I was going to write about teachers, and I promise I will, but since it’s the day after Super Tuesday, two days after the Super Bowl, and it’s Mardi Gras or Fat Tuesday—the superest of quasi-religious celebrations—as I write this, I need to address all of these topics. Today we’ll be talking about things that are either Super or Fat. Or both.
Let’s start with Super Tuesday. I was lucky enough (or was at the top of the alphabet enough) to partake in one of those surveys from a local college about the primary. Now’s a good time to disclose that I’m not a poller, a pollist, or a pollizer, whatever the term is. I’m polarizing and want to learn to pole dance but know nothing about polls. I can answer questions (or thought I could until I partook in this poll) but I could never write a substantive or informative poll question. So, I feel a little guilty talking about polls in a mildly disparaging way, but let me detail the kinds of questions I was asked. Then you can decide for yourself. After we got through my age (somewhere between seventeen and a hundred and fifty), my race (let’s just say that I’m somewhere between the color of alabaster and whale blubber), my income (hey, I’m a writer—take a guess!), and number of children (of the ones who will claim me as mother, just one, although I’ve borne two), we were ready to go with the real questions. Which were harder to answer than I would have imagined.
First question. “Did Caroline Kennedy’s endorsement of Barack Obama make you more likely or less likely to vote for him?”
And already I was stumped. Love Caroline Kennedy but I hadn’t given the whole thing much thought.

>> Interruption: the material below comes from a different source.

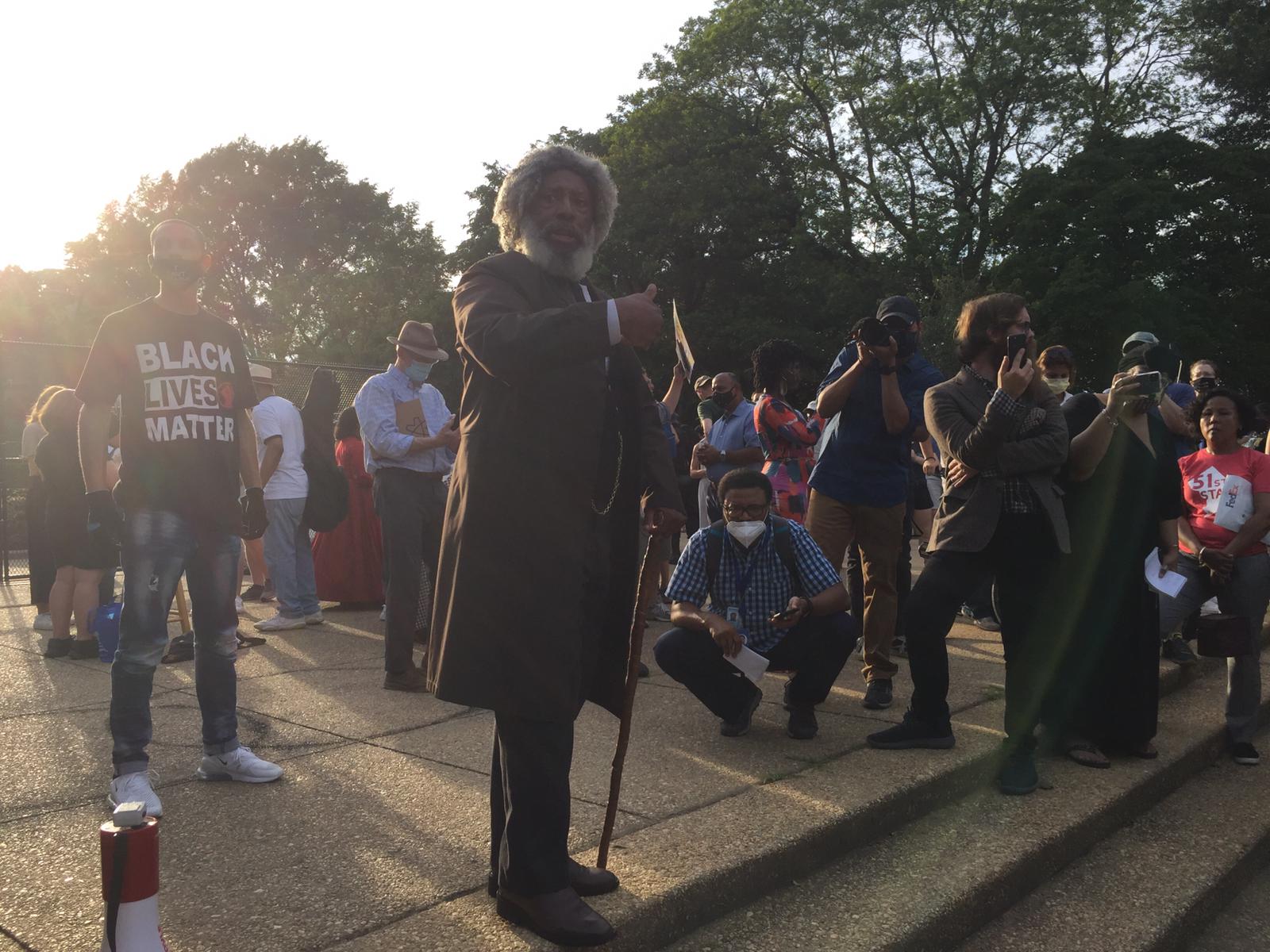 By 7 p.m., protesters began delivering speeches. Most spoke in favor of removing the statue, and the crowd cheered for people who spoke about the importance of recognizing the agency of Black people in gaining their own freedom from slavery. But others, particularly the group of historians, objected to calls for the removal of the statue, calling instead for adding historical context or erecting other statues that would offer a counterpoint.

“Well,” I stammered. “It really doesn’t make a difference.”
Now she was stumped. “You have to answer the question.”
“More likely?” I guessed.
She let out a sigh of relief. “Great. Next question. Did Ted Kennedy’s endorsement of Barack Obama make you more likely or less likely to vote for him?”
I could see where this was going but all I could think of was that I had looked in the mirror that very morning and thought that my hair was starting to look like Ted Kennedy’s. The question should have been “Did seeing Ted Kennedy endorse Barack Obama make you more likely or less likely to call Carla, the hairdresser, to set up a hair appointment?” But I decided to play it straight with her on the whole endorsement question. “Less likely?” But may I mention that my head looks more fat than super right now? No, you may not.
More relief on the pollster’s part. The questions continued in this vein until I admitted that “Project Runway” was just about to start and I needed to go. Because in my world, at this time and in this place, whether or not Romi can pull out a win over Christian is all I need to know. I also need to know if jodhpurs are coming back in style, too, because if so, there’s some work I need to do. And it has nothing to do with sewing and everything to do with liposuction. Because the legs? They are fat.
Onto the Super Bowl. I’m still in a state of shock and awe. Although I will admit that I don’t have a stomach for contests that are decided by a mere field goal and that I did go to bed with a pillow over my head so I couldn’t hear the outcome. And as a result, missed the David Tyree catch heard round the world that broke open the game and brought the Giants their first Super Bowl win in many, many years.
The moral of this story? Hang tough and watch the game as hard as it is to do it. Otherwise you will miss something super.
And onto our last topic: Mardi Gras. Tonight is our church’s annual celebration of Fat Tuesday, which is basically a pot luck supper in the gymnasium. There are silly hats, free beads, and thankfully, no exposing of one’s bare torso. (Yet. There’s also free wine and beer, so it’s just a matter of time really.) It’s a family affair and I do love me some free beads. But the weather is lousy, I have to run the gauntlet that is voting in this town (what district am I in? I can never remember when confronted with all of those tables and little old ladies eating Dunkin’ Munchkins—hey, which will make you fat even if it is Super Tuesday!), and I haven’t made a proper dinner in weeks. I owe my family at least one decent meal and by golly, Fat Tuesday is the day for it! And let’s face it: dragging the kids to a church function in the middle of the week won’t be an easy task. Even with the promise of free beads.
Oh, and incidentally, I just ordered my first pair of Spanx, from what I gather, great for the stomach fat and super tight. Stay tuned to see if I, like my friend–we’ll call her “M.”–will use the jaws of life to free myself from them in the ladies’ room during a bat mitzvah. I’ll let you know in the coming weeks.
You now have my musings on all things super and fat. Do with them what you will.